If you live with obsessive–compulsive disorder (OCD), you may already have done “all the right things.”
You may have tried high-dose SSRIs. You may have committed to Exposure and Response Prevention (ERP). You may understand your patterns well — and yet the intrusive thoughts and compulsive urges still feel overpowering.

When OCD remains severe despite appropriate treatment, it can be deeply discouraging. In recent years, repetitive transcranial magnetic stimulation (rTMS) has emerged as an additional option in selected cases.

Close-up image of a vintage turntable playing a vinyl record, showcasing analog technology.

How We Understand OCD Today

OCD is not simply about being anxious or perfectionistic. It involves overactivity in specific brain circuits that regulate threat detection, habit formation, and error signalling.

Researchers often refer to the cortico-striato-thalamo-cortical (CSTC) circuit — a loop linking:

  • The frontal areas involved in evaluation and control
  • Deeper brain structures involved in habit and repetition
  • Systems that signal “something is wrong”

In OCD, this loop can become overactive or “stuck,” repeatedly sending alarm signals even when there is no real danger. That is why intrusive thoughts feel urgent and why compulsions temporarily relieve distress — but ultimately reinforce the cycle. This pattern then also becomes neurologically reinforced over time.

Where rTMS Fits

rTMS is a non-invasive treatment that uses magnetic pulses to influence activity in specific areas of the brain.

For depression, rTMS typically targets parts of the prefrontal cortex.
For OCD, different regions are usually targeted — often areas involved in the overactive threat and habit circuits, such as the medial prefrontal cortex or supplementary motor area.

The aim is not to “switch off” thoughts, but to modulate the hyperactive loop contributing to obsessive intensity and compulsive urges.

In 2018, rTMS received FDA clearance in the United States for OCD. It is included in international treatment guidelines as an option for treatment-resistant cases. In South Africa, its use follows similar specialist-guided principles and is typically considered after adequate trials of SSRI medication and structured ERP.

Importantly:

  • rTMS does not replace ERP.
  • It is usually added when first-line treatments have been optimised.
  • It is part of a broader, integrated treatment plan.
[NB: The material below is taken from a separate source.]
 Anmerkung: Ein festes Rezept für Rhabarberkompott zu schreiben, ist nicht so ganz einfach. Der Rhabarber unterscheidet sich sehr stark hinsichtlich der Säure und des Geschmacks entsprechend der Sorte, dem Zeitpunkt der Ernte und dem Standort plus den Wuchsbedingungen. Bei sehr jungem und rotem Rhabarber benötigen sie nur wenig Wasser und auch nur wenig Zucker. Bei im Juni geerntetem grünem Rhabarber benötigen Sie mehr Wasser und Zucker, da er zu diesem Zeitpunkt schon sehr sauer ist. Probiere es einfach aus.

What rTMS Can — and Cannot — Do in OCD

rTMS may:

  • Reduce the intensity of intrusive thoughts
  • Decrease the strength or urgency of compulsive urges
  • Improve cognitive flexibility
  • Make it easier to engage in behavioural therapy

Some patients describe feeling less “hooked” by the obsession — as though there is more space to choose a response.

rTMS does not:

  • Eliminate intrusive thoughts entirely
  • Replace the need for ERP or psychological work
  • Resolve underlying beliefs or attachment patterns
  • Guarantee response for every person

OCD treatment remains active work. rTMS may lower the volume of the alarm, but cognitive and behavioural change still builds long-term recovery.
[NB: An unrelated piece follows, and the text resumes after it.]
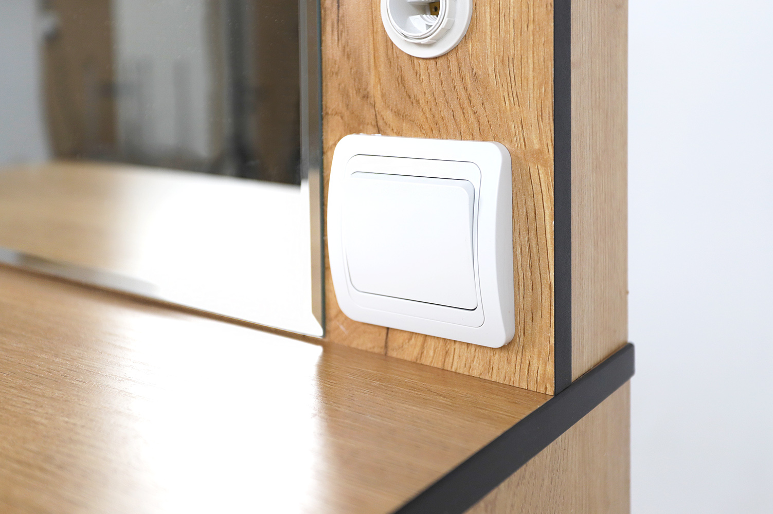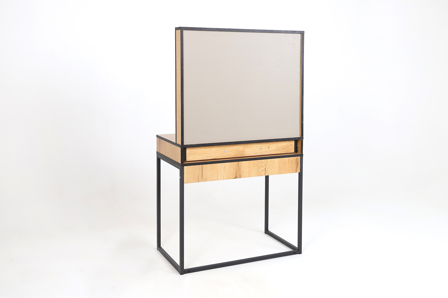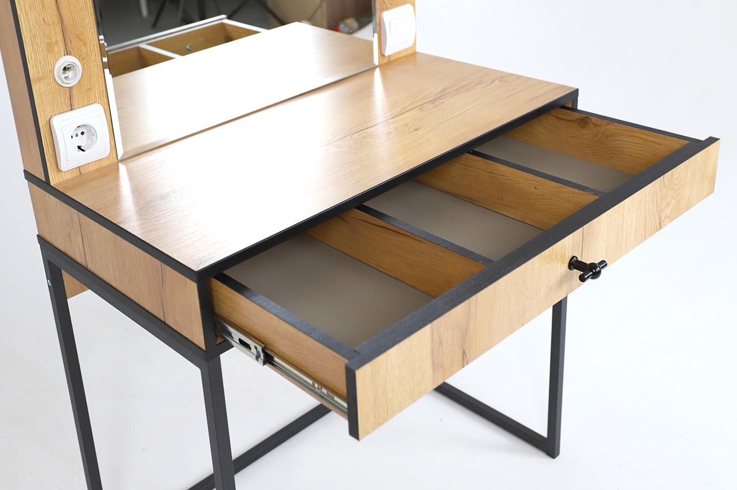 Трюмо из серии “Берген” имеет опоры из металлической профильной трубы, вместительный ящик с тремя отсеками для мелочей и большое зеркало с фацетом, в которое смотреться одно удовольствие!Характеристики

Is rTMS Worth Discussing for You?

rTMS is not a first-line treatment for OCD. It is usually considered when:

  • You have completed an adequate trial of SSRI medication
  • You have engaged in structured ERP
  • Symptoms remain significantly impairing

A careful assessment by a psychiatrist is essential. Diagnosis, previous treatment adequacy, symptom profile, and overall goals all matter.

Persistent OCD does not mean you have failed treatment. It may mean your treatment plan needs adjusting or expanding.

If you are struggling with OCD symptoms despite appropriate care, speak to your GP or psychiatrist about whether medication optimisation, renewed ERP work, or additional options such as rTMS may be appropriate in your case.